[233.] Protestant ministers of various localities in Holland: L. A. Beller, A. De-Kuh and I-Kh. Klein, at a meeting in Grevenhagen, definitely expressed themselves against war and military service.

[234.] N took an adverse attitude to Chertkov’s social work among Englishmen. Chertkov fell ill with pneumonia.

[235.] To Moscow to be copied.

[236.] V. D. Liapunov (1873–1905), peasant-poet of Tula. Working in Tula, Liapunov in the autumn of 1897 came to Tolstoi that he judge his poetry. Tolstoi was very much pleased with the poems, contrary to his custom, for in general he did not like poetry. Tolstoi proposed that Liapunov stay in his house to help copy his manuscripts.

[237.] Afanasi Aggeev, a free-thinking peasant from the village of Kaznacheevka, 4 versts from Yasnaya Polyana. In 1903 he was sentenced by the Tula District Court to exile in Siberia for life for the public utterance of words insulting to the Orthodox Faith. He died in 1908.

[238.] N. Y. Grot (1852–1899), professor at the Moscow University, author of numerous articles on philosophic questions and editor of the magazine, Problems of Philosophy and Psychology. Tolstoi submitted his work, What Is Art? to Grot to be printed in his magazine.
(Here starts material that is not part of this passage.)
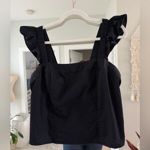 Black cotton crop top with adjustable ruffle straps

Shortly before his death, at the request of Grot’s brother, Tolstoi wrote his recollections about him, which were printed, together with his letter to Grot, in the compilation, N. Y. Grot, in Sketches, Recollections and Letters by Comrades and Pupils, Friends and Admirers, Petrograd, 1911, and in the Full Collected Works of L. N. Tolstoi, issued by Sytin, subscribed edition, Volume XV; Popular Edition, Volume XXIV.
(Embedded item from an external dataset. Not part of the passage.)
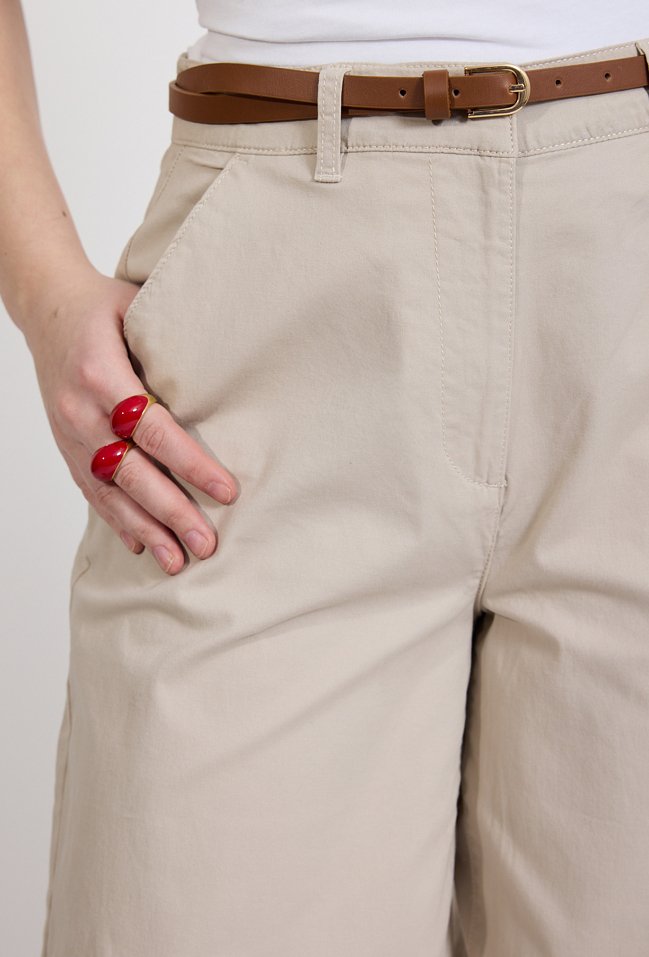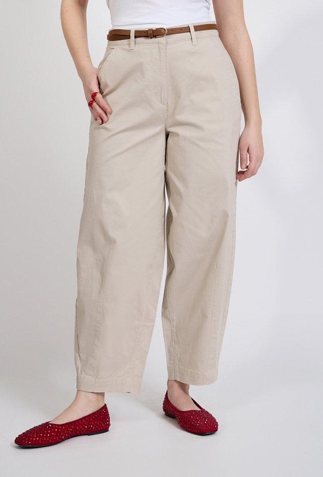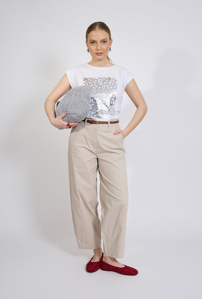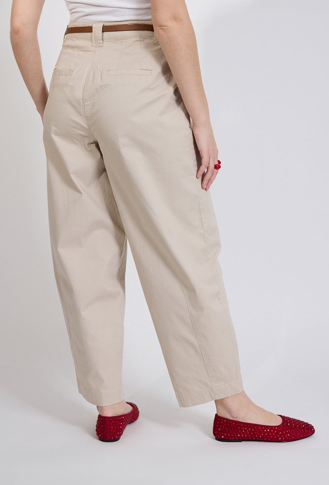 Spodnie damskie o swobodnym, komfortowym kroju. Model z wysokim stanem oraz prostymi nogawkami, które można podwinąć, nadając stylizacji bardziej casualowego charakteru. Po bokach znajdują się praktyczne kieszenie zwiększające funkcjonalność modelu. Modelka na zdjęciu ma 177 cm wzrostu i prezentuje rozmiar 36.

[239.] A. P. Ivanov (died 1912), ex-officer and old scribe, with whom Tolstoi became acquainted at the time of the census of 1862, having found him among the Moscow tramps. He led a vagabond life, coming or tramping from time to time to Yasnaya Polyana to help Tolstoi copy his manuscripts.
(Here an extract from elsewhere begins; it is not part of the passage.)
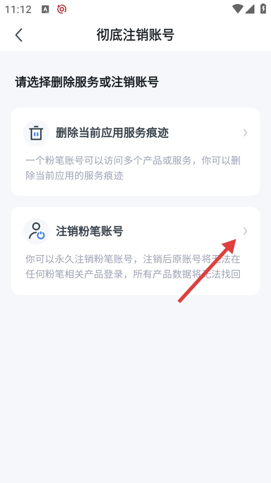 4、进入彻底注销账号的页面后,可选择【注销粉笔账号】选项,一旦注销该账号将无法进行找回操作。

[240.] Prince D. A. Khilkov (1858–1915), who at this time was in accord with Tolstoi in several questions of a more external nature, formerly an officer of the Hussars and afterwards of the Cossacks, a landlord in the district of Sumsk, province of Kharkov. In the eighties, he resigned from military service and sold for a trifle his 400 dessiatines of land, the only personal property he had at the time, to the peasants of the village of Pavlovok; in 1889, on account of his propaganda against religion, he was exiled by administrative order to Zakavkaz. In 1893 Khilkov and his wife suffered a great sorrow: their children were taken away from them by order of the government (following the manipulations of Khilkov’s mother), and they were given over to this lady for bringing up, she having absolutely no sympathy with the opinions of her son. Afterwards, when a strong movement among the Dukhobors began in the Caucasus, Khilkov was sent over to the Baltic Provinces, where he lived up to 1899, at which time it was decided that he be sent abroad. In his sojourn abroad, his convictions underwent a change to the side of the violent revolutionaries. But when Khilkov returned to Russia in 1905, he absolutely abstained from every political activity. In the beginning of the Russian-German War, Khilkov entered the army as a volunteer and in October, 1914, was killed at Lvov (Lemberg).

[241.] A peasant from Yasnaya Polyana, now dead, who was well-lettered and loved to read.

[242.] The clergy who came carried the icon to the churches, in the parish of which stood Yasnaya Polyana. According to the order of the clergy, the elder of Yasnaya Polyana called a village meeting and ordered every one to go to church and meet the icon which was afterwards carried from house to house in all the households of the village. Concerning Tolstoi and the icon, see his letter to Countess S. A. Tolstoi, which evidently by mistake is dated 1898 (Letters of Count L. N. Tolstoi to his Wife, Moscow, 1913, page 558).